Naturally, you spend time finding clients. After you do the work (you were able to overdeliver) the client wants to continue to work with you.
The problem is once you created a killer website, what additional services can you offer?
I don't want to sell some bs that does not really add value, aka "Website maintenance for 100$month" if it is not needed.

Multiple clients asked me to do their Graphic Design stuff, others asked me to do their other Online Marketing.
What additional service can you offer as a webdesigner & webdeveloper?

Split Testing might be a possible upsell.
Some businesses need constant work, for example creating new landingpages for new products (especially if they are scaling).
Some need hosting or domains.

Or are the one-time projects big enough to make the client search worth it? Or do you work with referrals instead of recurring or additional services?

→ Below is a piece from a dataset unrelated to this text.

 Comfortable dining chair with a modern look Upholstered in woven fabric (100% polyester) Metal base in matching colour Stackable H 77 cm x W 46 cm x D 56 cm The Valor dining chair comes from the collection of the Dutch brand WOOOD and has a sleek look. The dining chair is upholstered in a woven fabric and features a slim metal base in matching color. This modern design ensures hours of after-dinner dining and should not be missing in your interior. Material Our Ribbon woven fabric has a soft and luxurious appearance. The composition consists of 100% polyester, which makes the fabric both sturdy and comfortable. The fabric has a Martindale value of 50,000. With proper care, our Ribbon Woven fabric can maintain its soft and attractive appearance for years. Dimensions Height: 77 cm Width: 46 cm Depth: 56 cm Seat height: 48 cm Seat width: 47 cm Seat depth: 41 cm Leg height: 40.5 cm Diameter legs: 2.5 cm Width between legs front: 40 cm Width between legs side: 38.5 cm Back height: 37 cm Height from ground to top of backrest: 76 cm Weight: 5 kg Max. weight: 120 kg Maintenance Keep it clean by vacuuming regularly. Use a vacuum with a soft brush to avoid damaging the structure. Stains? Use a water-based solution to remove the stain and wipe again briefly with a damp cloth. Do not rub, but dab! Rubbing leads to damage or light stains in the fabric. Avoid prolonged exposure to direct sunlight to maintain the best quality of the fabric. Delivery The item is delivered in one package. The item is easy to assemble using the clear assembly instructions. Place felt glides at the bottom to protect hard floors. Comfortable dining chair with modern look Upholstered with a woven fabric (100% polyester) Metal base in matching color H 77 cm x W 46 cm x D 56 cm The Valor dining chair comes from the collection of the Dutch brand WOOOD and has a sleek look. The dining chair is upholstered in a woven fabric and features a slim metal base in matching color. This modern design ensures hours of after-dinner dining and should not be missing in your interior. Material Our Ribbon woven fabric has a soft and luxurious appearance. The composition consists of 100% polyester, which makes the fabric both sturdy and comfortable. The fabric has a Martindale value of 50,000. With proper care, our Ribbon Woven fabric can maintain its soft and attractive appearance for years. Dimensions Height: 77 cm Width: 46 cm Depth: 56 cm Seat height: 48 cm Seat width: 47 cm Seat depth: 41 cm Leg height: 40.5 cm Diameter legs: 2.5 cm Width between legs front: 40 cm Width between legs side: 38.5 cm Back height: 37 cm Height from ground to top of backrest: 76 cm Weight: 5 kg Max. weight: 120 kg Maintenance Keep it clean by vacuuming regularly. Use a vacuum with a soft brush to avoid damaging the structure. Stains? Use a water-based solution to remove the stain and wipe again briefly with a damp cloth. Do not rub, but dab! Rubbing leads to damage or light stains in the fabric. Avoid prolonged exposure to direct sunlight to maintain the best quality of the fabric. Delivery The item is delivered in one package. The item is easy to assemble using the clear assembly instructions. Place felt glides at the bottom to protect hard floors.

Would like to hear your thoughts on this!

Thanks



- - - - - - - - - - - - - - - - - - - -

I really wanna start this.

I live in a country where I can't charge as I could in the US. Software Developer salaries here are one of the lowest in the world.

I was thinking of directly working with clients all over the world, mostly North America.
Problem is, we could never meet, only talk via email and phone, and I have an accent!! :|

Still, I think I'm being a little bitch, after all, if I offer value to the market, I'm welcome.
Problem: Can't meet in person.
Solution: You don't have to meet. I've never met any of my clients. They all liked the idea of just working through the internet.

Problem: I can't talk in English, I have an accent.
Solution 1: Don't call someone if you don't want to talk with them. I did not want to call my first client either. I persuaded him into only communicating through email/Upwork. I told him, as we both aren't foreigners, we will have an accent. It might be easier to discuss everything through email. When writing, ask the right questions. Make it easy for him/her to answer.
Solution 2: Learn to talk in english. Different methods - get a skype buddy and have daily calls, get english speaking friends or take an english course. The direct method is to just call the client - Explain that you have an accent and that he should interrupt you as soon as he can't understand you.
Solution 3: Work with businesses in your country - you speak the same language. Maybe a Webdeveloper (different than a software developer) gets a low salary, but what about a freelancer?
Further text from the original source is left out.